▶ _TASK TO COMPLETE_
Set each line of the material below down word for word, from the first through the line that holds "Unser Stoff-Ersatzmotiv Stadtgasse", but not the pictures.

▶ _INFORMATION PROVIDED_
╭──
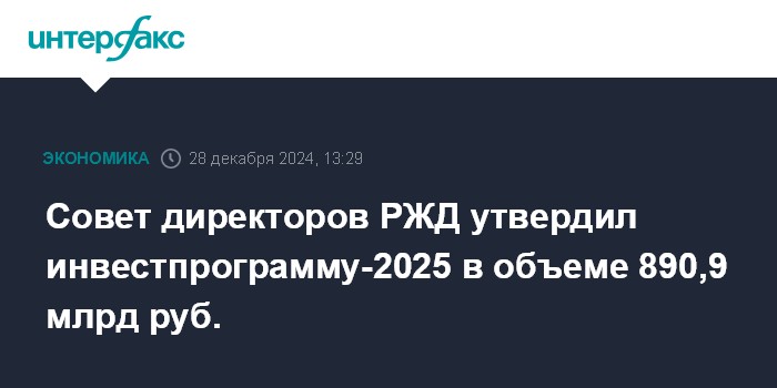 Москва. 28 декабря. INTERFAX.RU - Совет директоров ОАО "РЖД" утвердил инвестиционную программу компании на 2025 г. в объёме 890,9 млрд руб., сообщил холдинг.
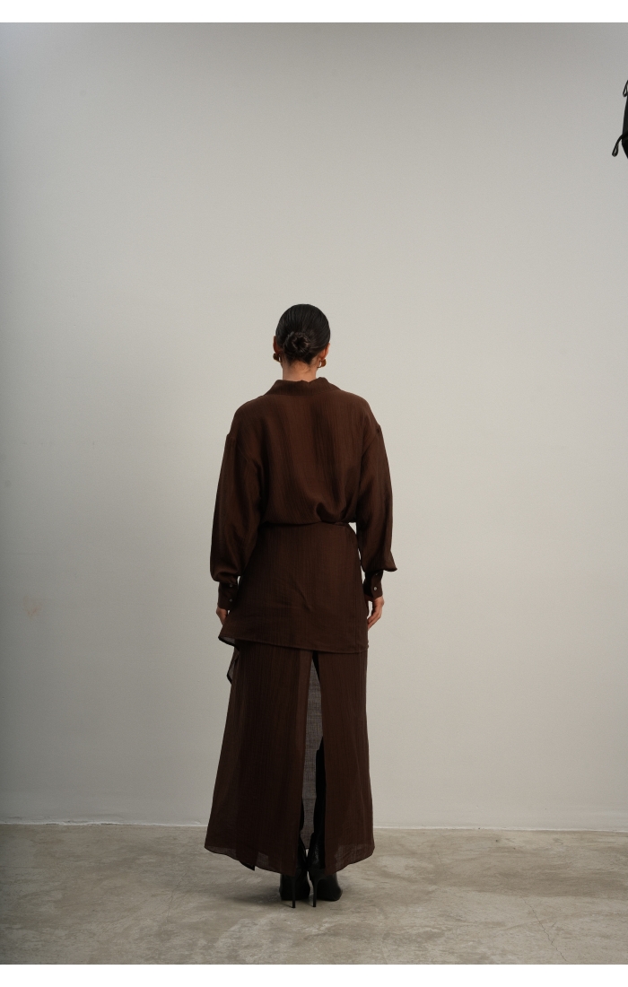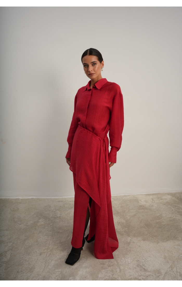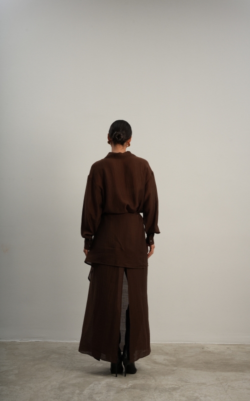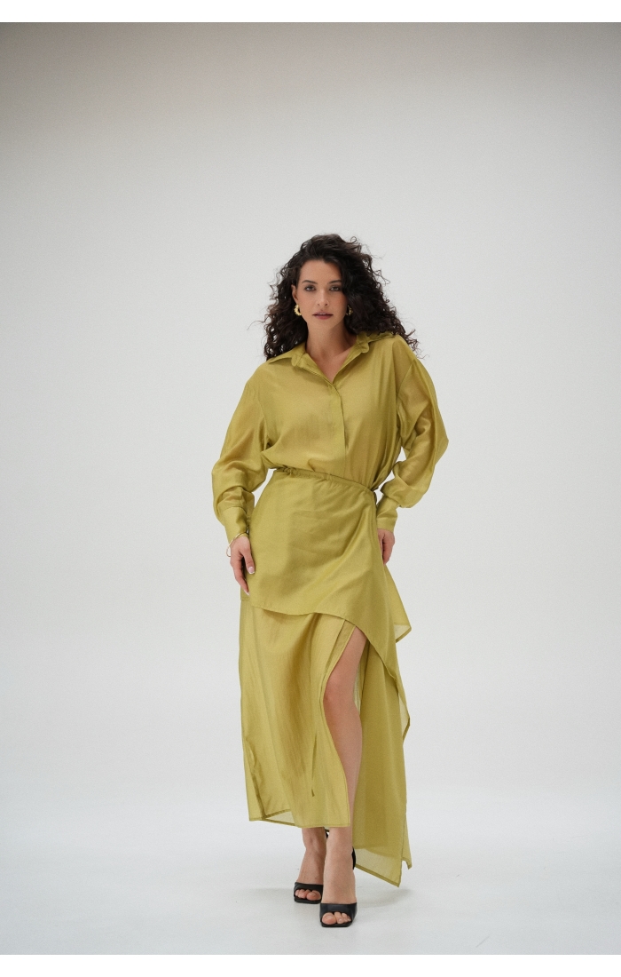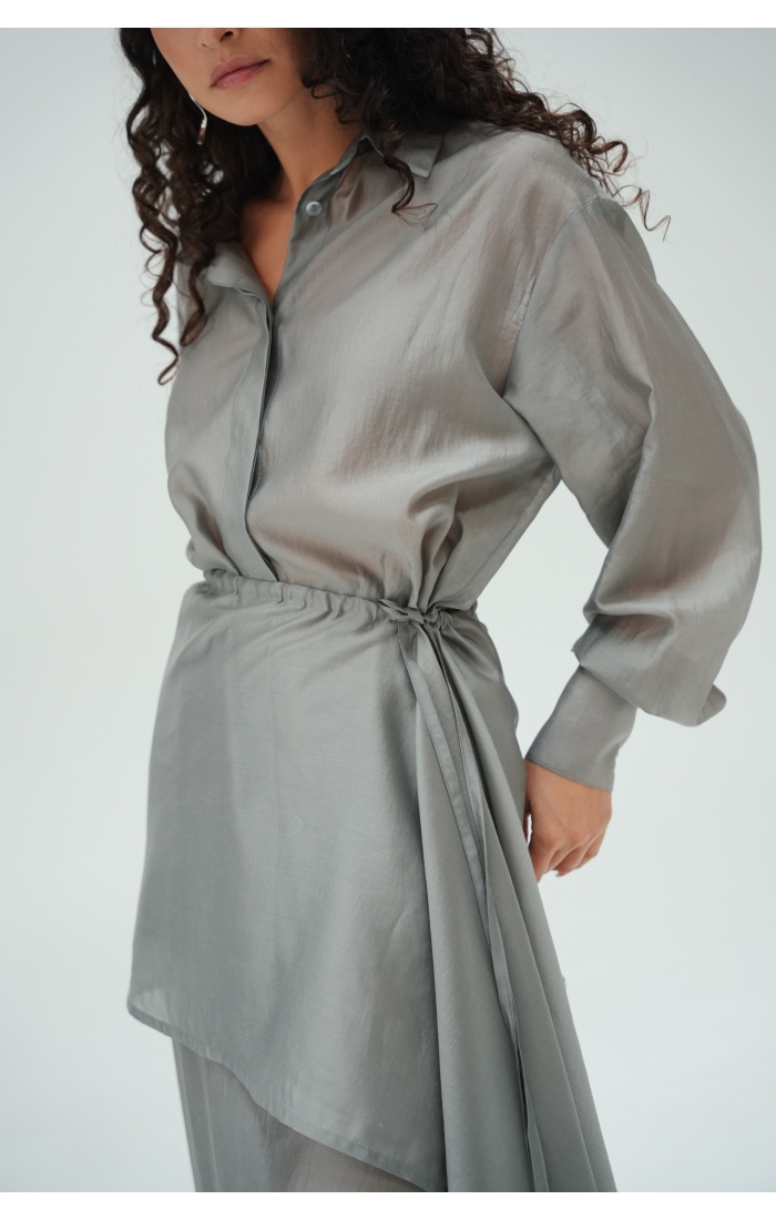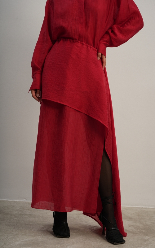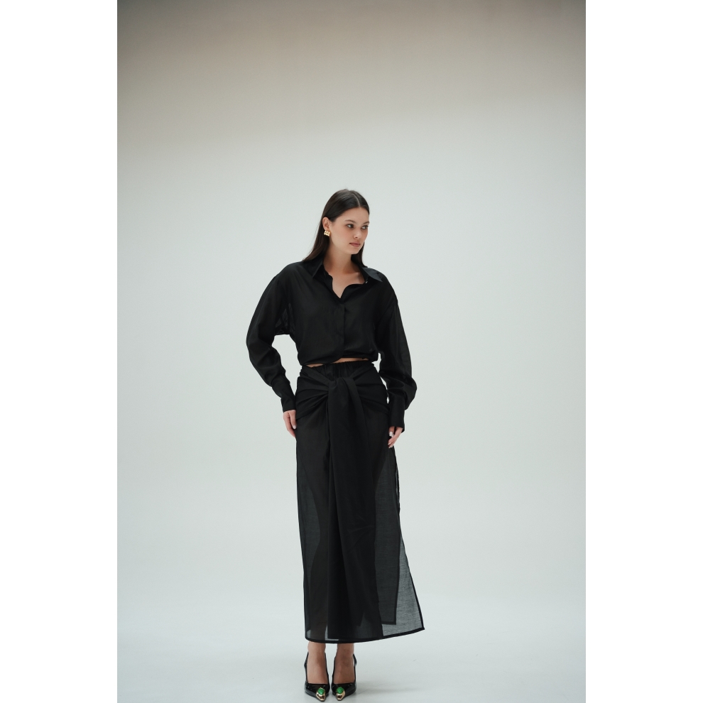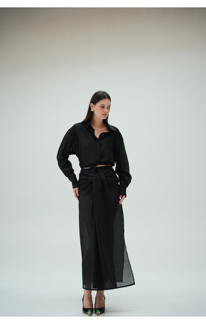 Юбка прямого кроя на резинке. Сверху надевается баска с длинными хвостами, которые добавляют женственности. Юбка-баска на кулиске, её можно завязывать на саму кулиску, оставляя спущенными хвосты, либо завязывать сами хвосты. Также баску можно трансформировать и использовать как топ. Баску легко интегрировать в разные образы, надевая поверх брюк, джинс, платьев и тд.
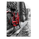 Unser Stoff-Ersatzmotiv Stadtgasse mit rotem Fahrrad im Querformat sorgt durch die Farben Schwarz, Weiss, Grau , Rot für eine gemütliche und ganz besondere Atmosphäre in Ihrem Raum. Schaffen Sie mit Ihrem neuen Wandbild-Motiv eine atemberaubende Wohlfühlatmosphäre!
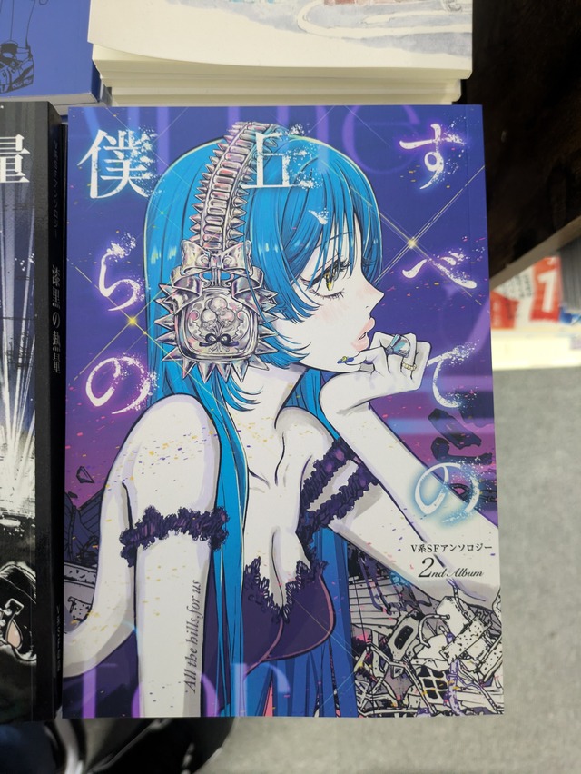 V系SFアンソロジー『漆黒の熱量』『すべての丘、僕らの』が入荷!ギラギラしててかっこいい! 渡邉清文さんのBUCK-TICKの歌詞のコラージュ作品など、小説だけじゃなく詩や戯曲もあります。パワーある! 以下、版元より 「広義のヴィジュアル系音楽をモチーフとした広義の 『V系SFの店』リリース第2弾、フルアルバム、13人の作家による作品を収録したアンソロジーです。 「広義のヴィジュアル系音楽をモチーフとした広義のSF」の名の下に、小説だけでなく、散文、現代詩、戯曲まで、さまざまな表現方法による、幻想文学〜SFのあわいに刻まれた多彩な作品を収録しています。 目次 〈創作〉 大庭繭「ガラスのお城はさざ波に濡れて」(La'cryma Christi) 葉々「永遠のキサ」(Nightmare) 花草セレ「パラサイト・オン・スカム」(Nightmare) 和倉稜「占い師」(Janne Da Arc) 悠人「永遠の雨」(X Japan) 河野咲子「窓だらけの寝室」(Plastic Tree) Mantra Digital「luv garden」(Tohji, Loota & Brodinski) 笛地静恵「危機は川を下る—SF詩の試み」(YES) 天乃こども「V系演劇の展望」(X Japan, Alice Nine, etc..) 佐藤久「戯曲『犠牲、あるいは光の蛇』」(Dir en grey) 渡邉清文「恐るべき子供たち thirty seven mix」(BUCK-TICK) 安斉樹「B→C」(vistlip) 真壁潜熱「幻燈機械」(Plastic Tree) 真壁潜熱「dokumaga galsdays ago ago」(マイナス人生オーケストラ) 〈エッセイ〉 安斉樹 / 佐藤久 / 笛地静恵 / 真壁潜熱 / 渡邉清文 〈V系SF作品ガイド〉 佐藤久 / 渡邉清文 表紙:バにら 編集:渡邉清文、大庭繭
╰──
▶ _SOLUTION TO THE EXERCISE_
 Москва. 28 декабря. INTERFAX.RU - Совет директоров ОАО "РЖД" утвердил инвестиционную программу компании на 2025 г. в объёме 890,9 млрд руб., сообщил холдинг.
 Юбка прямого кроя на резинке. Сверху надевается баска с длинными хвостами, которые добавляют женственности. Юбка-баска на кулиске, её можно завязывать на саму кулиску, оставляя спущенными хвосты, либо завязывать сами хвосты. Также баску можно трансформировать и использовать как топ. Баску легко интегрировать в разные образы, надевая поверх брюк, джинс, платьев и тд.
 Unser Stoff-Ersatzmotiv Stadtgasse mit rotem Fahrrad im Querformat sorgt durch die Farben Schwarz, Weiss, Grau , Rot für eine gemütliche und ganz besondere Atmosphäre in Ihrem Raum. Schaffen Sie mit Ihrem neuen Wandbild-Motiv eine atemberaubende Wohlfühlatmosphäre!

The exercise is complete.